Severity of dVRS was semiquantitatively graded in both white matter and basal ganglia using high-resolution 3-dimensional MRI images taken from 1818 stroke- and dementia-free subjects enrolled in the Three-City Dijon MRI study. Multinomial logistic regression models were used to model the association of cardiovascular risk factors, APOE genotype, brain atrophy, and MRI markers of small vessel disease with the degree of dVRS.


Severity of dVRS was found to be strongly associated with age in both basal ganglia (degree 4 versus 1: OR, 2.1; 95% CI, 1.4 to 3.2) and white matter (OR, 1.5; 95% CI, 1.2 to 1.9).
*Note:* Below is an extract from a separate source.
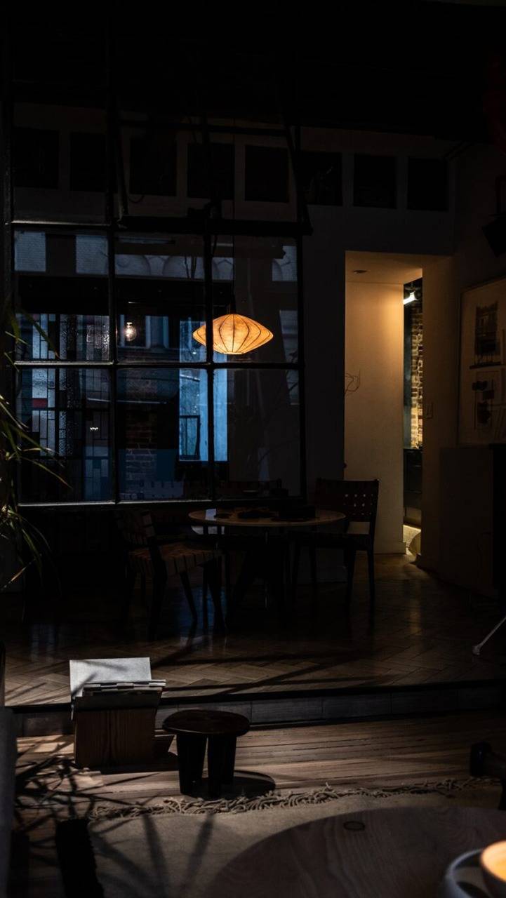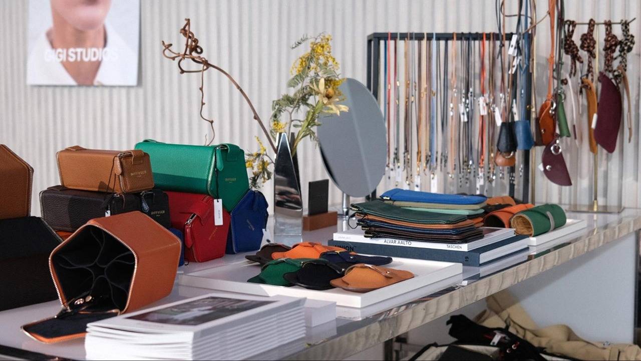 柔らかな自然光が窓から差し込み、ヴィンテージの家具や壁の質感がプロダクトと重なる。今シーズンのDIFFUSERは、過去の作品を再解釈しアップデートさせたモデルも多い。時を吸い込んだこの空間は、今のDIFFUSERが提案する、時を経たからこその表現と、見事に調和したと言えるだろう。

The proportion of hypertensive subjects increased with the degrees of dVRS in both basal ganglia (P = 0.02) and white matter (P = 0.048). Men presented a higher risk of severe dVRS in basal ganglia than women, particularly degree 4 (OR, 6.0; 95% CI, 1.8 to 19.8). The degree of dVRS was associated with the volume of white matter hyperintensities and the prevalence of lacunes, but not with brain atrophy.


In this large cohort study of elderly subjects, the degree of dVRS appears independently associated with age, hypertension, volume of white matter hyperintensities, and lacunar infarctions. dVRS should be considered as another MRI marker of cerebral small vessel disease in the elderly with regional variations in their severity.